Localization and characterization of flavivirus envelope glycoprotein cross-reactive epitopes

doi:10.1128/JVI.78.24.13975-13986.2004

. 2004 Dec;78(24):13975-86.

doi: 10.1128/JVI.78.24.13975-13986.2004.

Localization and characterization of flavivirus envelope glycoprotein cross-reactive epitopes

Wayne D Crill ¹, Gwong-Jen J Chang

Affiliations

PMID: 15564505
PMCID: PMC533943
DOI: 10.1128/JVI.78.24.13975-13986.2004

Localization and characterization of flavivirus envelope glycoprotein cross-reactive epitopes

Wayne D Crill et al. J Virol. 2004 Dec.

. 2004 Dec;78(24):13975-86.

doi: 10.1128/JVI.78.24.13975-13986.2004.

Authors

Wayne D Crill ¹, Gwong-Jen J Chang

Affiliation

¹ Arbovirus Diseases Branch, Division of Vector-Borne Infectious Diseases, Centers for Disease Control and Prevention, Public Health Service, U.S. Department of Health and Human Services, P.O. Box 2087, Fort Collins, CO 80522, USA. wcrill@cdc.gov.

PMID: 15564505
PMCID: PMC533943
DOI: 10.1128/JVI.78.24.13975-13986.2004

Abstract

The flavivirus E glycoprotein, the primary antigen that induces protective immunity, is essential for membrane fusion and mediates binding to cellular receptors.
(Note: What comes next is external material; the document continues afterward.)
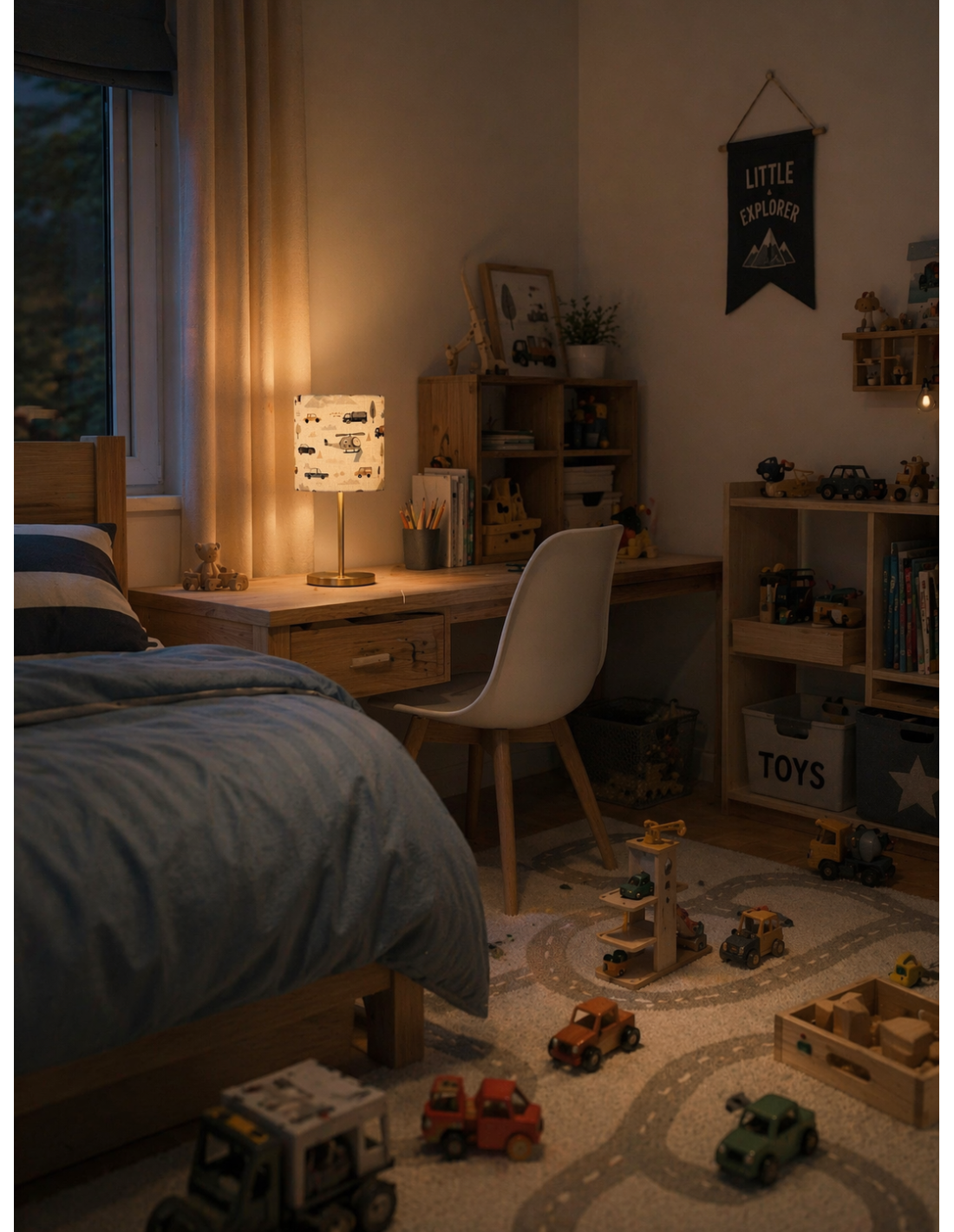 Motor an, Fantasie los: Der Lampenschirm Broom Broom ist gemacht für kleine Autofans und grosse Träumer. Mit liebevollen Illustrationen von Autos, Lastwagen und Helikoptern bringt er spielerische Energie ins Kinderzimmer.

Human flavivirus infections stimulate virus species-specific as well as flavivirus cross-reactive immune responses. Flavivirus cross-reactive antibodies in human sera create a serious problem for serodiagnosis, especially for secondary flavivirus infections, due to the difficulty of differentiating primary from secondary cross-reactive serum antibodies. The presence of subneutralizing levels of flavivirus cross-reactive serum antibodies may result in a dramatic increase in the severity of secondary flavivirus infections via antibody-dependent enhancement. An understanding of flavivirus E-glycoprotein cross-reactive epitopes is therefore critical for improving public health responses to these serious diseases. We identified six E-glycoprotein residues that are incorporated into three distinct flavivirus cross-reactive epitopes. Two of these epitopes which are recognized by distinct monoclonal antibodies contain overlapping continuous residues located within the highly conserved fusion peptide. The third epitope consists of discontinuous residues that are structurally related to the strictly conserved tryptophan at dengue virus serotype 2 E-glycoprotein position 231.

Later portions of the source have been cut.